The objection may focus on a perceived relativity or autonomy in the exercise, or else on an inevitable “static” reduction of a God who Scripture describes in much more “dynamic” ways. The first of these is typically Van Tillian and the second is typically Barthian. However, there may occasionally be overlap.

Let us introduce the two forms concisely first.

Form 1. There are as many “natural theologies” (as well as “natural laws”) as there are people, so for these to be foundational is to replace the one authoritative word of God with the innumerable mere opinions of man.

Form 2. There is an inverse relationship between a metaphysical theology and a narrative and relational theology; or, God-in-Himself is incompatible with God-in-act, still more so with God-in-the-flesh.

As Many Natural Theologies as Natural Theologians

The first form is more about the potential for pagan mischief more than the final shape it takes. Barr conceived of these kinds of criticism by means of an analogy to a camel getting into a tent.
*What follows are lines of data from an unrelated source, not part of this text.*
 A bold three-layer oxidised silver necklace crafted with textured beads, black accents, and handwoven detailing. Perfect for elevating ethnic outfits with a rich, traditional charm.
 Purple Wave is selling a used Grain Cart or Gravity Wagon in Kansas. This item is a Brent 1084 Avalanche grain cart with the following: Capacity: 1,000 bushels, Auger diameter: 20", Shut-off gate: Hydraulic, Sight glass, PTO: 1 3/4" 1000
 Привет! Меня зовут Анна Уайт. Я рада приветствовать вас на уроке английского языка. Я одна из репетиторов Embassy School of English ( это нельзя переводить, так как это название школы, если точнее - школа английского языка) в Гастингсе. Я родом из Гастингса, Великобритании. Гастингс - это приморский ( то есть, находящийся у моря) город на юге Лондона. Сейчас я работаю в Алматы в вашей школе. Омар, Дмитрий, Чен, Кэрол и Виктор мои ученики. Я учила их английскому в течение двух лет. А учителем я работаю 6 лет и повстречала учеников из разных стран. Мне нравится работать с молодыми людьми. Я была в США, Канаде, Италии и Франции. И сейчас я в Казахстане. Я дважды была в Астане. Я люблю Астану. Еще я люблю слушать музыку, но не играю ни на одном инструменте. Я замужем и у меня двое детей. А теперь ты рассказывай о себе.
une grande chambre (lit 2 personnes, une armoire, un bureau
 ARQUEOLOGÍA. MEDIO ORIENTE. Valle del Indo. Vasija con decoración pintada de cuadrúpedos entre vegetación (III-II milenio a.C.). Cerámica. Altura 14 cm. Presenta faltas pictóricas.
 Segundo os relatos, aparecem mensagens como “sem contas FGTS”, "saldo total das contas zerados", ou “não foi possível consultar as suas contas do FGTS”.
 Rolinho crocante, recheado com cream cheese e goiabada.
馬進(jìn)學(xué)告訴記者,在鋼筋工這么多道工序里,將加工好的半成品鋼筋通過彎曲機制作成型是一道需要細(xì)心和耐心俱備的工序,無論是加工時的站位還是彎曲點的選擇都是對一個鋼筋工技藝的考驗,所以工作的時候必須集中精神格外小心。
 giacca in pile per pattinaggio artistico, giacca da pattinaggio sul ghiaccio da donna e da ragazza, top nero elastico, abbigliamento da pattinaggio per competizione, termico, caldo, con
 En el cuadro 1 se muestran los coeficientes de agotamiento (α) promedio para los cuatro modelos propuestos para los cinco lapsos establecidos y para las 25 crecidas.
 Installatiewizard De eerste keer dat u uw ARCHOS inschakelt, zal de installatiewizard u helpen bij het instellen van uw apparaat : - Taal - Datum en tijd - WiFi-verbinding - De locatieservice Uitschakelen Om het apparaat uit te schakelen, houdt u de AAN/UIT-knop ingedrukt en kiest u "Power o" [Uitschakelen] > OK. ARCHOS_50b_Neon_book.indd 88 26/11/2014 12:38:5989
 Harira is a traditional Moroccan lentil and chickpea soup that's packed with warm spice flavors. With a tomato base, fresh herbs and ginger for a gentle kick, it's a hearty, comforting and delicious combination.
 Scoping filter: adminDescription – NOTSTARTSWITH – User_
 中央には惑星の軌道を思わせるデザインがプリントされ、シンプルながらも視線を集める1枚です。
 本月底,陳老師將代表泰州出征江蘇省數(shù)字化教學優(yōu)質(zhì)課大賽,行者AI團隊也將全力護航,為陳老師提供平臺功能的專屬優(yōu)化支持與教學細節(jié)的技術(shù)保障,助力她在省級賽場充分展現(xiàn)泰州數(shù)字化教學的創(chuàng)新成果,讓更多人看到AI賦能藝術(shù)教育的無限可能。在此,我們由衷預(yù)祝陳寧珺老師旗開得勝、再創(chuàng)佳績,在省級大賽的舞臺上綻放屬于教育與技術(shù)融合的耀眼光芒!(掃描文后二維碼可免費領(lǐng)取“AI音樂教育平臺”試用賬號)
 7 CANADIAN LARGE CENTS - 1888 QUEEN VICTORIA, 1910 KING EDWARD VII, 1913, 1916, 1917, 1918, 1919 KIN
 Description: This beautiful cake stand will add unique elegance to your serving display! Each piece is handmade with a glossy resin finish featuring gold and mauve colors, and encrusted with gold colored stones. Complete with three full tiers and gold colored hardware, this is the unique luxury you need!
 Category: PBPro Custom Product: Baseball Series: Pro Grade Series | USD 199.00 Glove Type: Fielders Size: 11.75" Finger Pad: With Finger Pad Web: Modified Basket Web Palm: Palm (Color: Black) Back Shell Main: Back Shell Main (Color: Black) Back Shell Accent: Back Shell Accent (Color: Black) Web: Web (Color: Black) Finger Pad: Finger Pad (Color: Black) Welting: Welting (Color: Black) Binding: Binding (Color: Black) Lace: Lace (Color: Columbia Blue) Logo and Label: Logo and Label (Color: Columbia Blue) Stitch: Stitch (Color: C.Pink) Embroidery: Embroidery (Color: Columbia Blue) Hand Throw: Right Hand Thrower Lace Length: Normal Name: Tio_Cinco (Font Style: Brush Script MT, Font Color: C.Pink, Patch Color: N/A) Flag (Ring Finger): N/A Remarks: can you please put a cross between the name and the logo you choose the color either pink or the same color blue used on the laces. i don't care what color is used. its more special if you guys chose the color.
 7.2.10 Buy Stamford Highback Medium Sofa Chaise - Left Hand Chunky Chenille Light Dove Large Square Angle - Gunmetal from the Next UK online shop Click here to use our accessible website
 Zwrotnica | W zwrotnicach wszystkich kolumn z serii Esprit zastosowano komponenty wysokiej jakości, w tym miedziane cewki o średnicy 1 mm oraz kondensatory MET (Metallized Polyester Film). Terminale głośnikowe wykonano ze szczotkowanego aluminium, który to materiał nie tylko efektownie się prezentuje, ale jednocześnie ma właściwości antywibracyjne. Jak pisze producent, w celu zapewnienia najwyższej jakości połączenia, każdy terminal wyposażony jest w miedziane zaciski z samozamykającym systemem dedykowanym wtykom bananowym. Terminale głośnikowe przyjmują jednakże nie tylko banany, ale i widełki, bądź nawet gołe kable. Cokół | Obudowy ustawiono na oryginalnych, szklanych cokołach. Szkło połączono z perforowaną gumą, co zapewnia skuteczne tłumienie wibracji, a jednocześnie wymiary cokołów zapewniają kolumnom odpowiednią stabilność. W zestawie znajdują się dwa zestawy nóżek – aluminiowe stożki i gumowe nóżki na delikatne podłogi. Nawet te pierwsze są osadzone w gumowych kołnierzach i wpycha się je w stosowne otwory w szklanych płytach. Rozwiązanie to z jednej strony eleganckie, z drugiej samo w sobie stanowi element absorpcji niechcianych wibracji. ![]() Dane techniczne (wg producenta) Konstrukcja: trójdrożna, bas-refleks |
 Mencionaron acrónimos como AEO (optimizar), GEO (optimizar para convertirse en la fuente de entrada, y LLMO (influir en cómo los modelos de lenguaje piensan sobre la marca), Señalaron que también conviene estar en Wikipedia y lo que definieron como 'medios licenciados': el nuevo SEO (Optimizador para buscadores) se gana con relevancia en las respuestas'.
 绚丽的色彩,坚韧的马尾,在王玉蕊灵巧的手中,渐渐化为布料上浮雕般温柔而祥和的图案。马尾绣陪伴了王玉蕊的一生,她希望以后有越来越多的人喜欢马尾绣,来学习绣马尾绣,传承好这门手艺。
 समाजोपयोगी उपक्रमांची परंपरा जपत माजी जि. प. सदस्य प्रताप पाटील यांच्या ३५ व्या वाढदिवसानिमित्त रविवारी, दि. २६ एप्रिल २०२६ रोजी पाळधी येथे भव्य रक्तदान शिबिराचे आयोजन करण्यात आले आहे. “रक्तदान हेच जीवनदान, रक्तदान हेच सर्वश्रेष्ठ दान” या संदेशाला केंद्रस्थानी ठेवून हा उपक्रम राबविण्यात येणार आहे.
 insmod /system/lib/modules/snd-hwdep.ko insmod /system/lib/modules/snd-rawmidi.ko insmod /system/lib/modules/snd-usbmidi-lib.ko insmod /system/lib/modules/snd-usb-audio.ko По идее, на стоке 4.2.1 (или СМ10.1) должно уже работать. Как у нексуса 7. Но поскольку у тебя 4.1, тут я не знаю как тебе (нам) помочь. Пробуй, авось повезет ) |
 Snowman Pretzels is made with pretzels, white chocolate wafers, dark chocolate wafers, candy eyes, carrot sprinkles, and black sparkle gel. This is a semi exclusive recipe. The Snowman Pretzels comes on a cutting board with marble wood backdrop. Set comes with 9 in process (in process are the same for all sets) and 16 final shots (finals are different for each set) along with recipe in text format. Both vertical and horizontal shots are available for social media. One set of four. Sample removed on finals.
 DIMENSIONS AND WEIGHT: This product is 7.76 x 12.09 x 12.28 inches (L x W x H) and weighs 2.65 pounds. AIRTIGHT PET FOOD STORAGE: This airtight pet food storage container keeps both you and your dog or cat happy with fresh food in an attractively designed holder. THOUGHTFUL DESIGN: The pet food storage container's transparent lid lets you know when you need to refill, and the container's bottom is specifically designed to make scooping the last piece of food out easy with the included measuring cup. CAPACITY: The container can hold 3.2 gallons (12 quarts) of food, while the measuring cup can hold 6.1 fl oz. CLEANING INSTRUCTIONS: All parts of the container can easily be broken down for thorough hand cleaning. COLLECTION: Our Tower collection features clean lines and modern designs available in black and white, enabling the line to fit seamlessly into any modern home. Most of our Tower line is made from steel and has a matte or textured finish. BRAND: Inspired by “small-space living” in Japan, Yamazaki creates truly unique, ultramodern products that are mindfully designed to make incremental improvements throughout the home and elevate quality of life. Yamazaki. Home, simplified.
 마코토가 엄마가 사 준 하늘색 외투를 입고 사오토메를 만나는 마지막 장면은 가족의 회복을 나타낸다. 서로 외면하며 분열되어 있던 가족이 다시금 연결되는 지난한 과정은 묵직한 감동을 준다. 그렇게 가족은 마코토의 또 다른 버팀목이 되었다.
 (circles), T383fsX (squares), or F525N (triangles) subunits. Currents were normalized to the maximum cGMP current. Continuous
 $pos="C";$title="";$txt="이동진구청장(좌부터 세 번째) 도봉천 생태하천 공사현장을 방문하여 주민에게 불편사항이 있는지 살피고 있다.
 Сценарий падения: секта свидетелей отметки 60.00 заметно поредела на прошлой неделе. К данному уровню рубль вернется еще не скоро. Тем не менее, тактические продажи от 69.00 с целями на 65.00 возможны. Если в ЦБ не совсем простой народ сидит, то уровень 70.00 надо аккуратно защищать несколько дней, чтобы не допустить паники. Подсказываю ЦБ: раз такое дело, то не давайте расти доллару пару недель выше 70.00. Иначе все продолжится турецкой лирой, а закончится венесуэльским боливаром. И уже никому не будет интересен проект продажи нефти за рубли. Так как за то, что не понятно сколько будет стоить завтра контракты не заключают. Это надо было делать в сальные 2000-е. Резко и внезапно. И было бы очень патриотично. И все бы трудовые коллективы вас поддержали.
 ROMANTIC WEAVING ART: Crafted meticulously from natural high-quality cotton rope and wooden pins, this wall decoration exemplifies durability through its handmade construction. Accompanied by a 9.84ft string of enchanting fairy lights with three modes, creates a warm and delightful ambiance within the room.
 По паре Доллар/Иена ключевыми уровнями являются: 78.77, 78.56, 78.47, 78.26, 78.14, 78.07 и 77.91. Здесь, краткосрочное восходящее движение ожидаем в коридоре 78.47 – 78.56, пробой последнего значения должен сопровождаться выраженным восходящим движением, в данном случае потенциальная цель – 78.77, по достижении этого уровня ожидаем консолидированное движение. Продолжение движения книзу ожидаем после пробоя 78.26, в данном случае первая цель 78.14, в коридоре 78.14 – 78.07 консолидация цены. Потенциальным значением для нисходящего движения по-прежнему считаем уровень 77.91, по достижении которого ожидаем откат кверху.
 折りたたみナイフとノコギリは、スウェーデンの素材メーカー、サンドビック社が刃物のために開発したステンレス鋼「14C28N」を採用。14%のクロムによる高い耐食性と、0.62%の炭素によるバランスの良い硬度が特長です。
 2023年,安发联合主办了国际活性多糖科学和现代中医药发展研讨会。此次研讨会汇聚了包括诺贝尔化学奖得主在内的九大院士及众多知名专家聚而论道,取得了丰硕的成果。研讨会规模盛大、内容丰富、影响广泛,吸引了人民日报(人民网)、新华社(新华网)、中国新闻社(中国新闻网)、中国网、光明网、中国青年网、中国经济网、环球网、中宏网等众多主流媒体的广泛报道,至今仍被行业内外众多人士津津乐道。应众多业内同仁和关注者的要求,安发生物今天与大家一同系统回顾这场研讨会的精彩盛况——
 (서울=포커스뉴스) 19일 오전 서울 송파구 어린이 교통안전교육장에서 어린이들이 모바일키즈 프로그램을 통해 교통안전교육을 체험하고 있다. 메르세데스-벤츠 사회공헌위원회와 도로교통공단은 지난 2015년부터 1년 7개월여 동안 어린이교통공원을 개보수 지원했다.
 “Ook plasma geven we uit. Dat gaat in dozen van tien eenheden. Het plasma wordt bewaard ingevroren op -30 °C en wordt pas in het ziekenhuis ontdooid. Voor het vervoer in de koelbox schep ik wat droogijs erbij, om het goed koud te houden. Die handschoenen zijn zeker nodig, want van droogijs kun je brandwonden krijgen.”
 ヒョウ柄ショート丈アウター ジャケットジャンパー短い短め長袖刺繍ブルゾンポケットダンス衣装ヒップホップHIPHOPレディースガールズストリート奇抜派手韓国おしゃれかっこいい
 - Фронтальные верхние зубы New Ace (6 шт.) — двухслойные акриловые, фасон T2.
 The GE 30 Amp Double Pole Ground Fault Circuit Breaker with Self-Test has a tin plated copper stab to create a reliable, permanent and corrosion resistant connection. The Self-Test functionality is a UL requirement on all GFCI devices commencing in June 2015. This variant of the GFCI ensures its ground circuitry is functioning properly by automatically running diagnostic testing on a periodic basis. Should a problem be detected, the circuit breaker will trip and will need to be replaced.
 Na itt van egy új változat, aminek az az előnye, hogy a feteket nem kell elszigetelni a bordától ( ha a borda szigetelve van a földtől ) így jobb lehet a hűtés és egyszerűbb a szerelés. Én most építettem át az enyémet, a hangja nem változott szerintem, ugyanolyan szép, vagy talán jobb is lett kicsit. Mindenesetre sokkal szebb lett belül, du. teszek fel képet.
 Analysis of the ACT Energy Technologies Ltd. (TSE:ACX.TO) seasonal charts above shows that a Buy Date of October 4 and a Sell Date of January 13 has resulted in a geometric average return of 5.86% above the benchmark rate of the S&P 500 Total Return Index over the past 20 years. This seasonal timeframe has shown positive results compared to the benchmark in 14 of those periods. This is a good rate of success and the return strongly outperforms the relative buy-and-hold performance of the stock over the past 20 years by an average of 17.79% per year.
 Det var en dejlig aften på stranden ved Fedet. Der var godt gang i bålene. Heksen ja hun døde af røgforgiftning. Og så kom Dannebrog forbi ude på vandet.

“Once the camel gets its nose into the tent, it will soon take up all the space within. Similarly, it was said, if natural theology gets its nose into the edifice of Christian theology, it will soon occupy the entire space and be mixed up in everything, including the purest divine revelation.”1

This assumes some kind of inverse relationship between the revelatory element (natural revelation) and the interpretive element (natural theology). Moreover it assumes a naturally corrupting element—that either the sort of people philosophers are, or the sort of tools of inquiry at their disposal, will inevitably lead us astray.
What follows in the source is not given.